U.S. business owners claim they have millions of job openings but few workers willing to fill them.
And with the U.S. slowly emerging from the coronavirus pandemic, economists say this brewing labor crisis threatens the economic recovery as lost sales start to pile up.
"Some have had to turn away business and scale back operations due to being short-staffed," said Holly Wade, executive director of the National Federation of Independent Business' research center, in an interview. "Others are trying to meet demand by working longer hours, paying overtime and bonuses for employees willing to work extra hours, but those adjustments are not sustainable over the long run."
Potential employees, hesitant to return to the U.S. workforce due to concerns of the virus, loss of expanded unemployment benefits and limited childcare options, have pushed the labor shortage to historic proportions.
The Bureau of Labor Statistics on May 11 reported 8.1 million open jobs in the U.S. at the end of March, the highest amount since the bureau began tracking the data in December 2000. And in its May 6 jobs report, the National Federation of Independent Business reported that a record 44% of small-business owners reported job openings they could not fill in April, up from 24% in April 2020 and up from the average of 22% over the past 48 years.

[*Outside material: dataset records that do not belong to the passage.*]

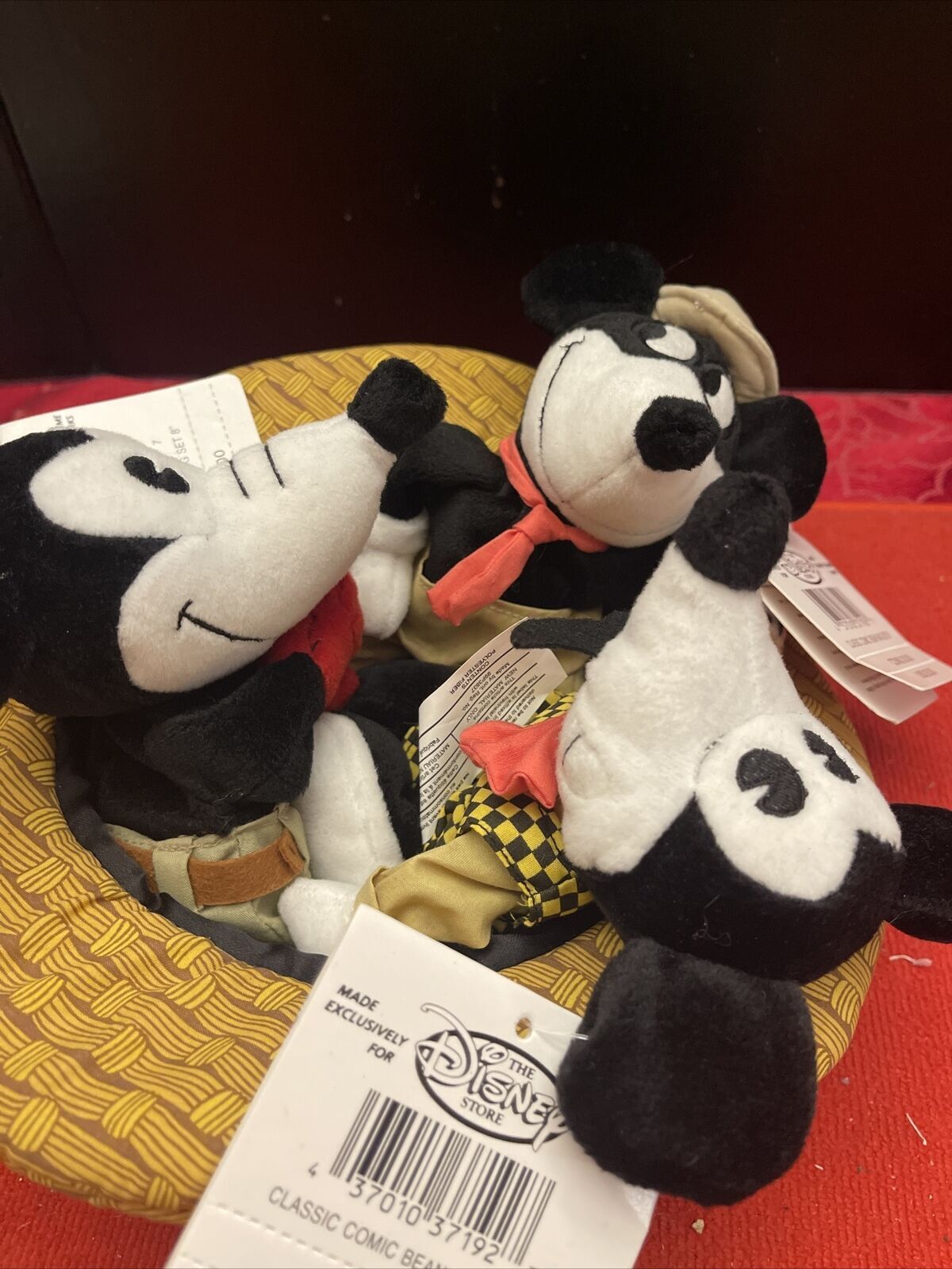 Disney RETIRED Mickey Mouse Classic Comic Bean Bag Set in a Hat New-with-Tags
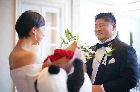 ご新婦様のドレス姿をずっと楽しみしていたご新郎様。ご新婦様にはサプライズで21本のバラの花束を用意してくださりました。21本のバラの意味は「あなただけに尽くします」ぬいぐるみ屋さんのご新郎様らしく、パンダのぬいぐるみにバラの花束を持たせてご新婦様にプレゼントされました。まさかのサプライズに笑顔と涙の溢れるファーストミートになりました。
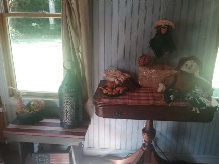I don't have everything out yet but here is one of my little fall setups. Sorry about the glare from the window.
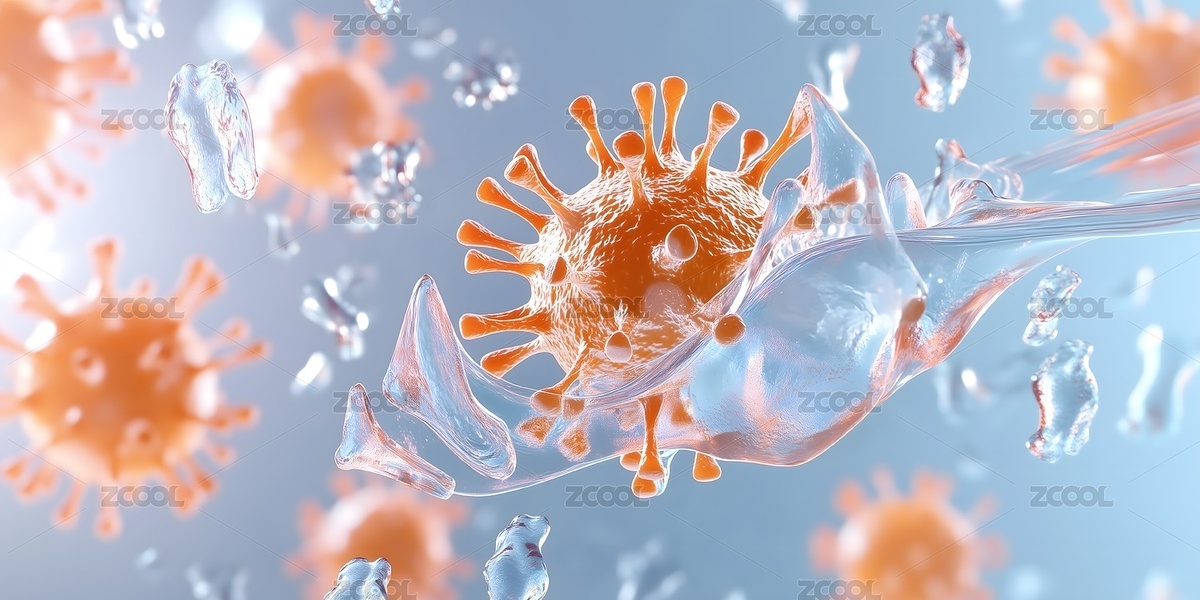 写实风格微观视角病毒、病毒性疾病流行细胞
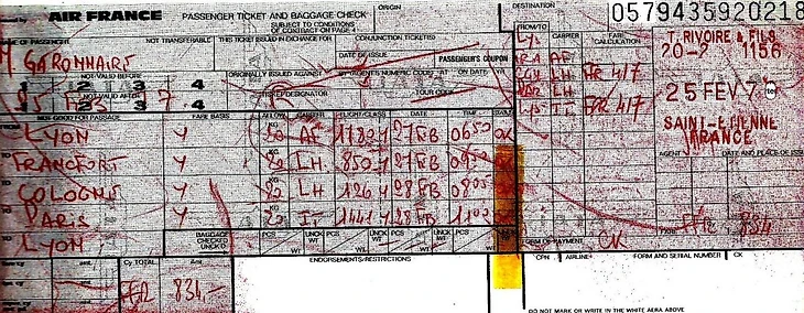 Авиабилет кинооператора Сент-Этьенна Шамбергера на матч Кёльн-Динамо, с четырьмя пересадками (Лион-Франкфурт-Кельн-Париж-Лион).
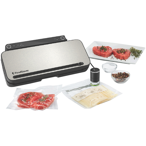 The Premium All-in-One FoodSaver with 5 food settings to help you preserve prep & cook; also combines the power of a heat sealer with the convenience of a handheld vacuum sealer for containers and zipper bags. Try the sous vide setting to seal food for delicious sous vide cooking the pulse setting for delicate foods the marinate setting for flavouring minutes and the dry & moist settings for an airtight seal regardless of the type of food. The powerful vacuum creates a commercial quality air-tight seal to keep food fresh up to 5X longer and prevent freezer burn compared to ordinary storage methods.
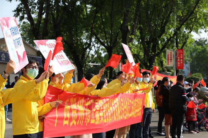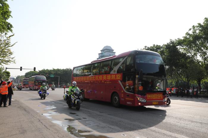 下午16點(diǎn)整,載著賀州支援湖北醫(yī)療隊(duì)的大巴車在33輛摩托車鐵騎、兩輛警車的引導(dǎo)護(hù)航下駛?cè)胭R州大道,警燈閃爍、警笛嘹亮,沿途市民揮舞國旗,夾道歡迎,高聲歡呼,壽城人民用最高禮遇,最深敬意,迎接英雄凱旋,表達(dá)對(duì)英雄的敬意。
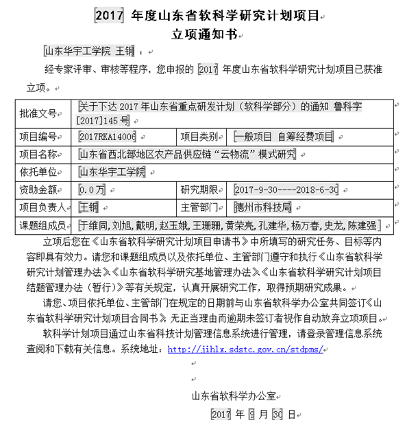 近日,山东省科学技术厅下发了《关于下达2017年山东省重点研发计划(软科学)部分的通知》(鲁教字[2017]145号),公司王钢老师的《山东省西北地区农产品供应链“云物流”模式研究》(项目编号2017RKA14006)获批立项,这也是公司2017年度获批的唯一一项软科学项目,同时也填补了公司山东省重点研发计划的空白。
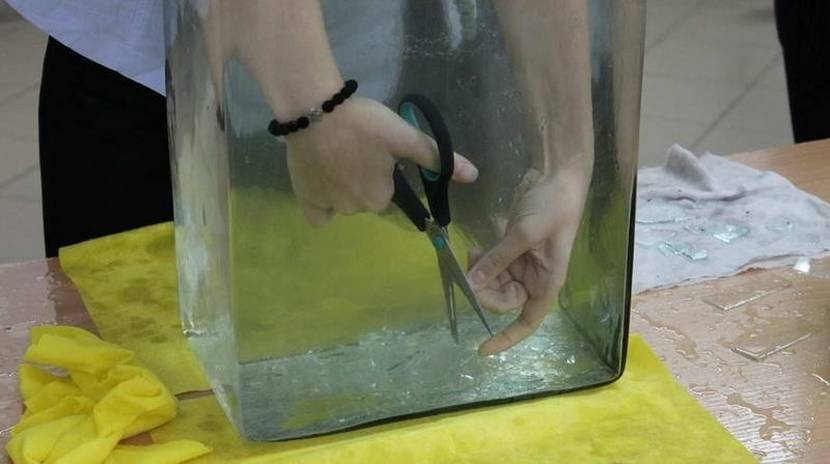 Не существует идеального способа как обрезать стекло без стеклореза. Практически каждый из методов является компромиссом между идеальной ровной линией реза и скоростью работы. Ножницы позволяют разделить стеклянное полотно максимально быстро. Для процедуры потребуется острые ножницы и тазик с водой. Стекло помещают в воду и быстрыми движениями разделяют его на части.
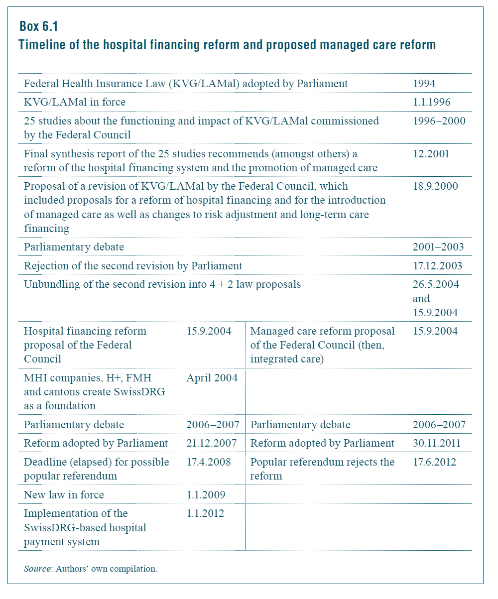 Before discussing these reforms in more detail, section 6.1.1 describes the context and origin of several of these reforms to illustrate the long, difficult and not always successful political processes of making health reforms in Switzerland.

"They simply need more employees," Wade said.
The labor shortage has hit the construction, manufacturing, transportation and restaurant sectors particularly hard, Wade said. But the scarcity of workers has impacted all corners of the economy.
"I think everybody right now … is challenged from a labor perspective and a hiring perspective," said Stuart Levy, executive vice president and CFO with Domino's Pizza Inc., during an April 29 earnings call.

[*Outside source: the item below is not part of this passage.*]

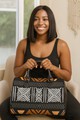 Enhance your style with our African Handbag Boston Mudcloth Geometric. Made from high-quality mudcloth fabric, it features a unique geometric design that adds a touch of culture to any outfit. Hand-crafted by skilled artisans in Africa, this bag is not only stylish but also supports sustainable and ethical practices.
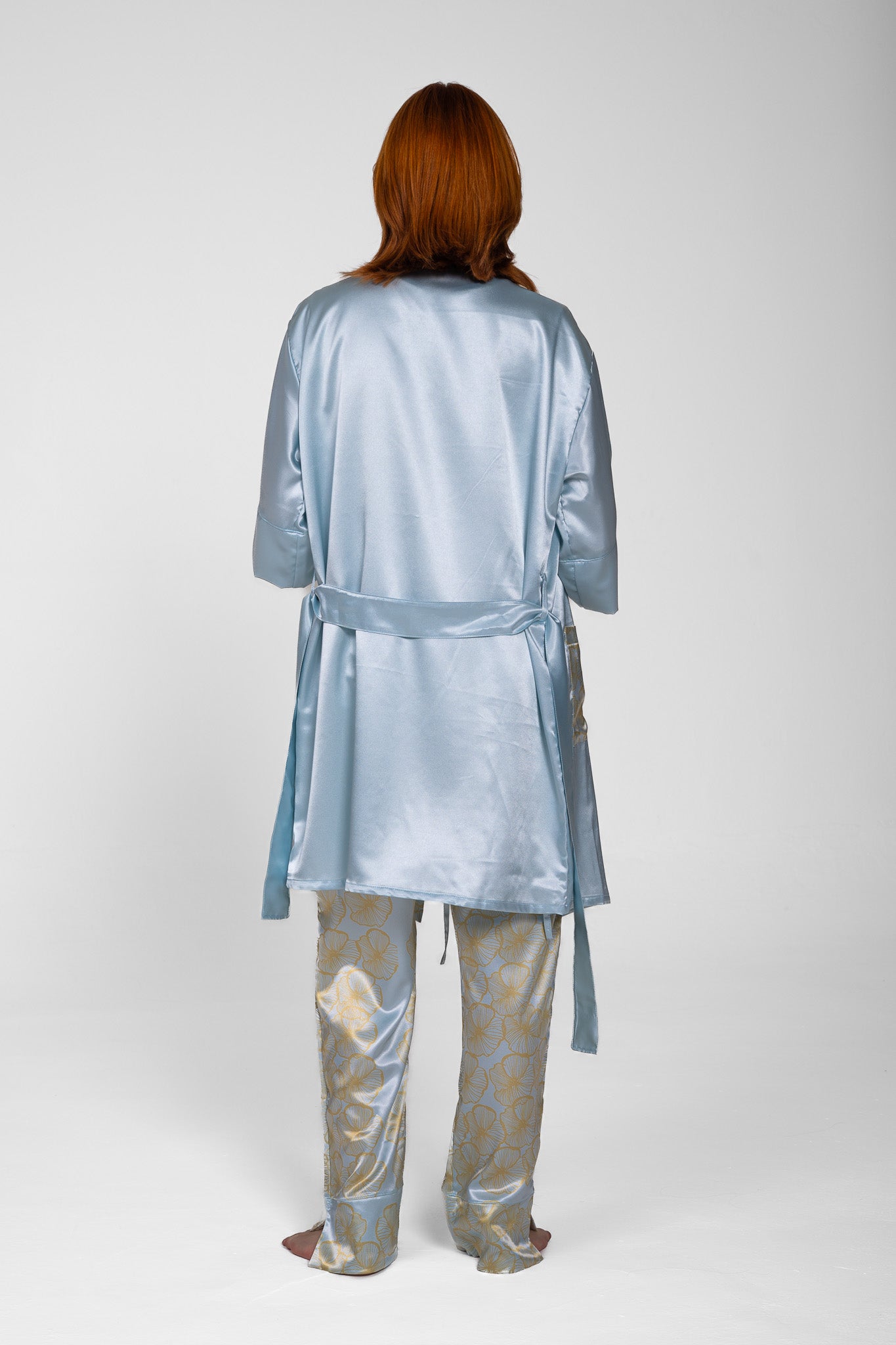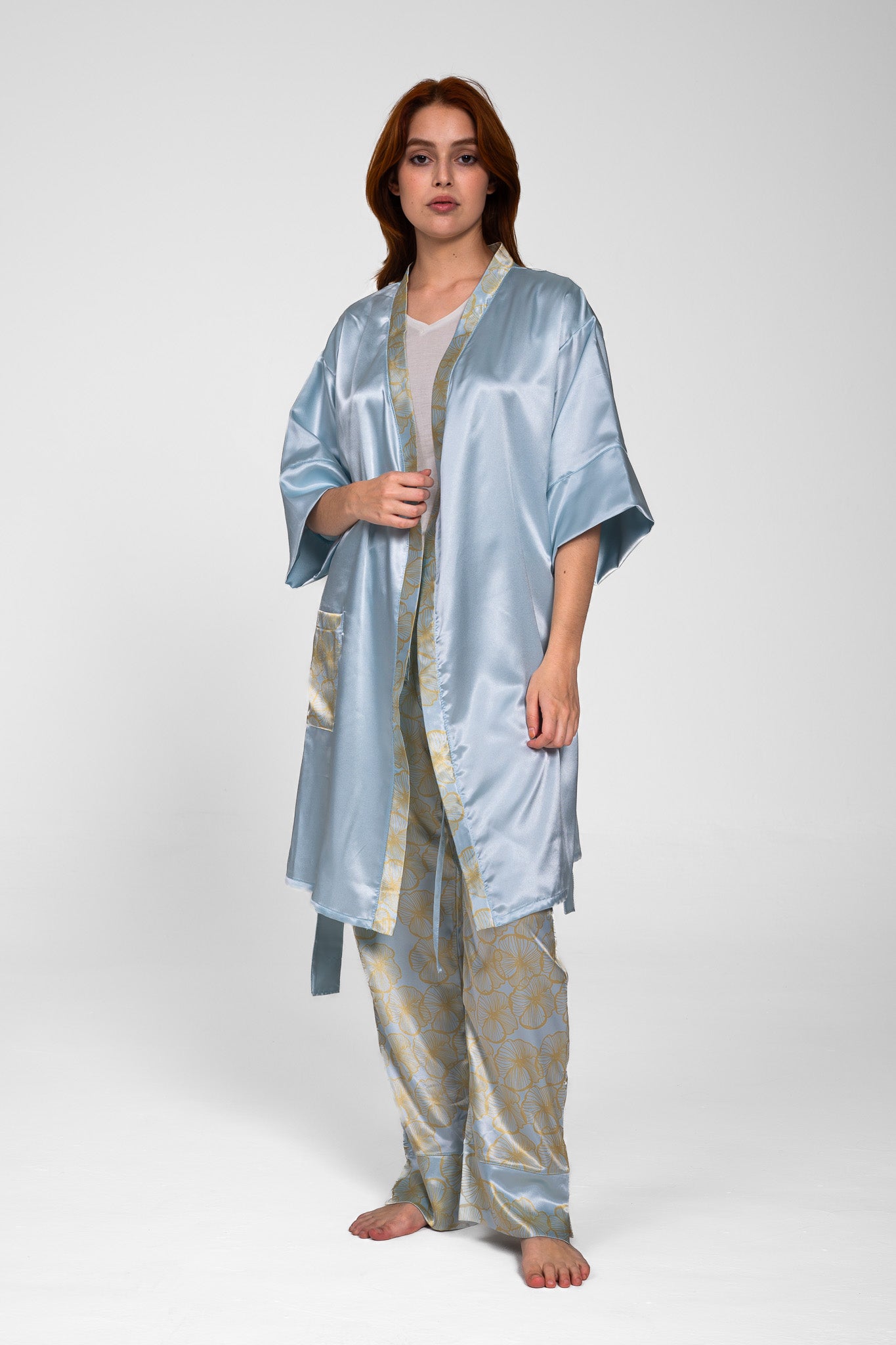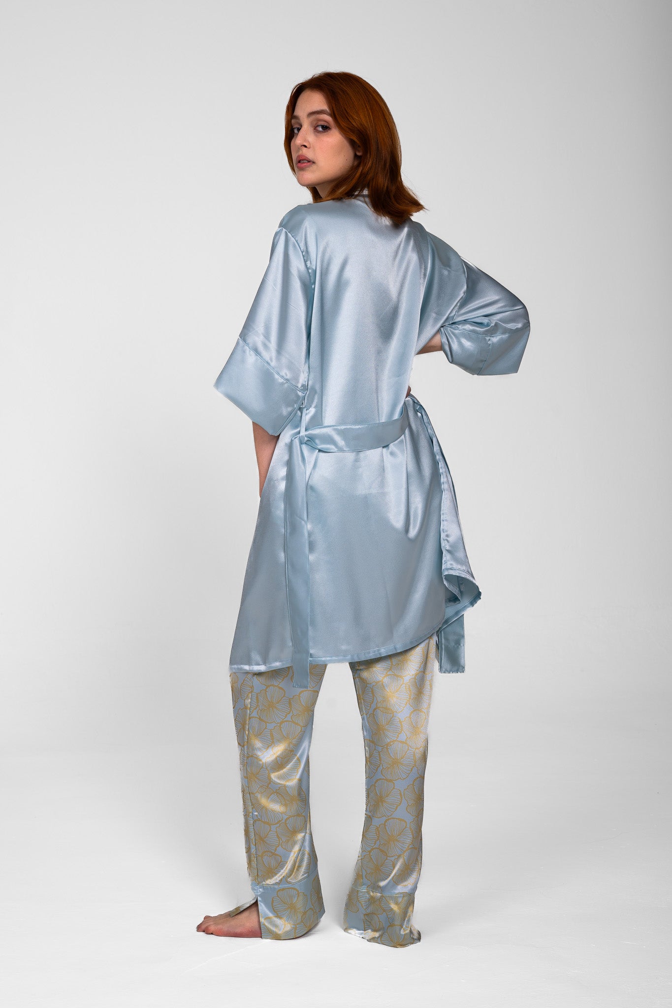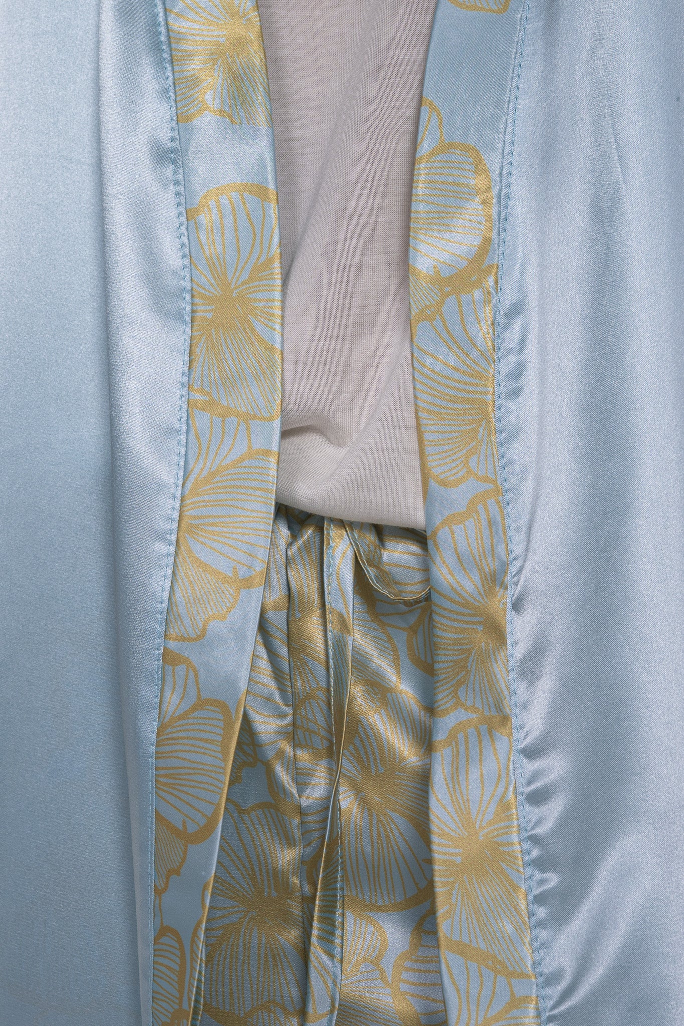 Bata Satinada en celeste con estampa flores amarillas- 100% Poliester

Chipotle Mexican Grill Inc., on May 10 announced that it would boost its minimum worker pay to an average of $15 per hour by the end of June as it looks to hire 20,000 new workers. The company also said it would pay hiring referral bonuses for current workers and a range of other benefits, including a path to six-figure annual pay for employees who move into management.
Timothy Spence, president of Fifth Third Bancorp, said labor shortages in skilled trades had impacted multiple sectors.
"And the byproduct of that is we're not seeing the inventory building that you might otherwise expect to see yet," Spence said during an April 20 call.
Stephen Steinour, CEO of Huntington Bancshares Inc., said that in roughly 50 conversations with other heads of companies since early March, all mentioned a shortage of workers for open positions.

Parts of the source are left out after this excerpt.